Recommended time/stage of studies for completion

Immediately at the beginning of the Master's studies. During the first semester of Master's studies.

Term/teaching period when the course will be offered

Autumn term, second period, every year

Contents

This course covers key distribution systems topic areas as follows:

  • Basic principles of distributed systems
  • models of communication from interprocess communication to various forms of remote communication, group communication for different application types;
  • Coordination algorithms, including distributed consensus;
  • Time management in distributed or independent systems: logical clocks, partial ordering of events, causal ordering;
  • Mutual exclusion and shared use of resources;
  • Fault tolerant systems, including replica management (for data, for processing);
  • Formal models and verification as design tools for distributed solutions;
  • Advanced topics, such as edge computing and blockchain.

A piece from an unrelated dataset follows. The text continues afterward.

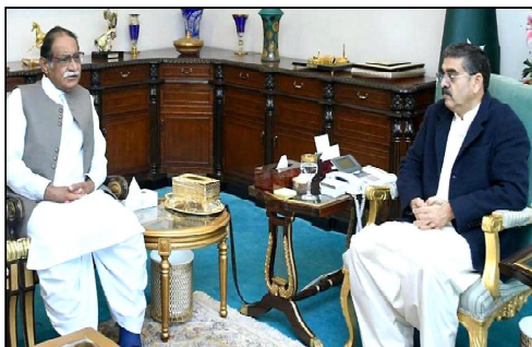
ISLAMABAD: Speaker of Balochistan Assembly Mir Jan Muhammad Jamali calls on the Caretaker Prime Minister Anwaar-ul-Haq Kakar.

Activities and teaching methods in support of learning

Lecture course with exercise groups. Lectures open up key concepts and rationale for solutions, in exercises, details of the solutions become more familiar based on the students' group work on related tasks.

Study materials

The course is based on the course books, including Maarten van Steen and Andrew S Tanenbaum Distributed Systems – Principles and Paradigms, Third Edition, 2017, Sukumar Ghosh: Distributed systems an algorithmic approach, 2nd edition, Chapman&Hall/CRC, 2015. Any other distributed systems textbook covering the topics of the course is also possible to use.

Supplementary material will be provided during the course as needed.

Assessment practices and criteria

Grading 0-5.

The grade is a weighted combination of the course exam and mandatory course exercises.

Recommended optional studies

Almost all other Master's degree courses will widen the basic understanding gained in this course.

Completion methods

Will be offered as normal contact teaching, lecture course, with weekly lectures and exercise sessions. No distance learning option currently envisioned, but the course can be done as a stand-alone separate exam alternatively.

Attendance is optional, but there might be compulsory elements in the course which are discussed during the first lecture.

During the weekly exercises students solve problems, implement small distributed systems, and write short essays on given topics.